Senate debates

Wednesday, 12 October 2016

Bills

National Cancer Screening Register Bill 2016, National Cancer Screening Register (Consequential and Transitional Provisions) Bill 2016; Second Reading

12:36 pm

Photo of Murray WattMurray Watt (Queensland, Australian Labor Party) Share this | Hansard source

I also rise to speak on this bill. I do so as a member of the community affairs committee, which conducted a hearing into this legislation in Sydney a week or two ago. As my Labor colleagues have said, and as I want to say at the outset: Labor strongly supports the establishment of a national cancer screening register. As a member of the committee, I was apprised of the benefits of this register, particularly to improve procedures around screening to make sure that we keep people alive longer—that is essentially what this comes down to. Labor also supports the improvements to cancer-screening programs that the new register will support.

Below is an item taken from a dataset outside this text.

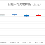 日経平均先物は、全体的に弱い動きが続いており、レンジの位置を少しずつ切り下げています。

But we do have concerns about the government's legislation. This register will hold Australians' most sensitive health data, like the results of cervical and bowel cancer screening, and we need to get such a sensitive matter right. So Labor does have serious concerns about the government's shambolic approach to this important legislation. On the eve of the election, the Turnbull government signed a $220 million contract to outsource this register to Telstra before parliament even saw the legislation. So we had a government that had not put through the legislation that was required to facilitate this register, and yet the very same government were hell-bent on rushing through and signing a contract to get this register up and running—mysteriously, on the eve of the election. You can only assume that they did so in order to have a great little campaign announcement without actually having done their homework in getting the necessary legislation in place.

Now, as we are becoming used to from the Turnbull government, we see another stuff-up. The government have bungled the bills to establish the register in their rush to pass this legislation retrospectively. When Labor and the crossbench first referred the government's bills to a Senate inquiry, the Minister for Health and Aged Care, Sussan Ley, accused Labor of a hysterical tirade. But, in an embarrassing rebuke of the government, their own Information Commissioner made six recommendations to the Senate inquiry to fix the legislation. So their very own commissioner raised concerns about matters in this legislation that were very basic privacy and data restriction matters that the government had not taken into account in drafting the legislation. At the committee hearing, even government senators, on hearing the evidence of the privacy and information commissioner, indicated that there did seem to be some benefits in considering the amendments that the commissioner proposed. Some of the loopholes identified by the commissioner were incredibly alarming. For example, the government's bills as drafted may allow the register operator to collect all Medicare claims information on people who are on the register. I well remember during the federal election that we had a bit of a debate about Medicare. Do you remember that, Senator Polley?